Eu sei dona Amélia, eu vim correndo

avisar à senhora que o seu filho está lá no campinho, ele

está caído lá atrás do gol e o nariz dele está sangrando

muito.

Santo Deus! O que foi que aconteceu com

ele? Aposto que se meteu em alguma briga.

Sei não, dona Amélia, mas acho que foi

briga mesmo. Ouvi falar que aquele criolão da rua de baixo

passou correndo por aqui e que estava com a camisa toda

suja de sangue.

Conheço aquele peste, é o bola sete, não

é? Aquele negro desbocado que só vive falando palavrão aí

na rua, mas deixa estar se ele machucou meu filho vai ter

que se ver com o meu marido, traste dos infernos!

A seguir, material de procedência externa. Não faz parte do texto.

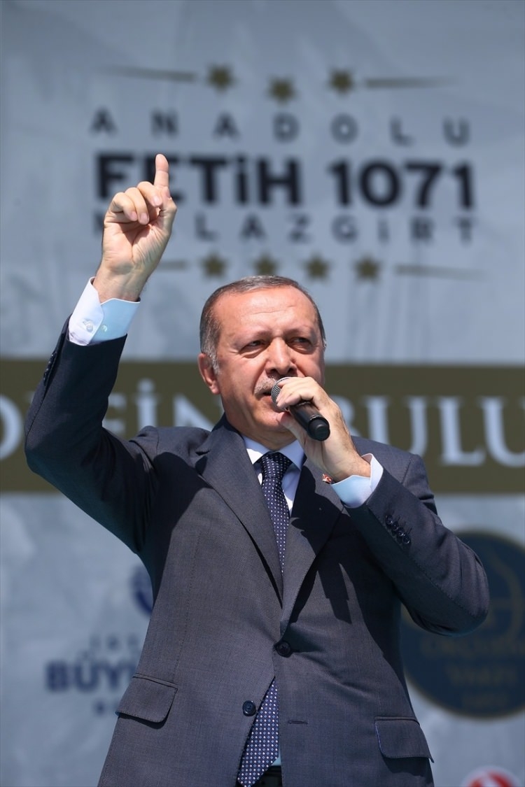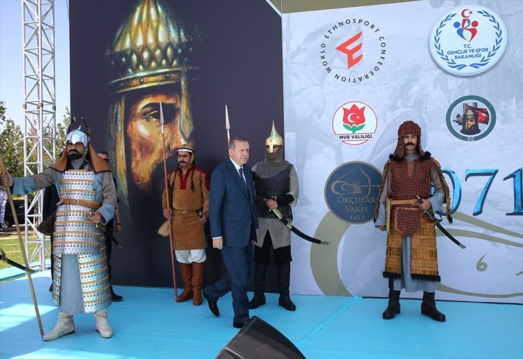 Cumhurbaşkanı Recep Tayyip Erdoğan, Anadolu'nun Fethi Malazgirt 1071 Anma Programı'na katıldı. Cumhurbaşkanı Erdoğan Kara Kuvvetleri Komutanı Orgeneral Yaşar Güler ve Hava Kuvvetleri Komutanı Orgeneral Hasan Küçükakyüz ile tokalaştı.

É ele mesmo, dona Amélia, aquele crioulo

não é flor que se cheira vive sempre aprontando aqui na

rua.

Espera um pouco, Nélio, vou tirar as

panelas do fogo e já volto, você vai comigo até o

campinho?

Vou sim, dona Amélia, mas vamos de-

pressa porque minha mãe já deve estar me procurando.

Ai, meu Deus! Esse moleque acaba com a

minha saúde, esse danado ainda vai acabar comigo.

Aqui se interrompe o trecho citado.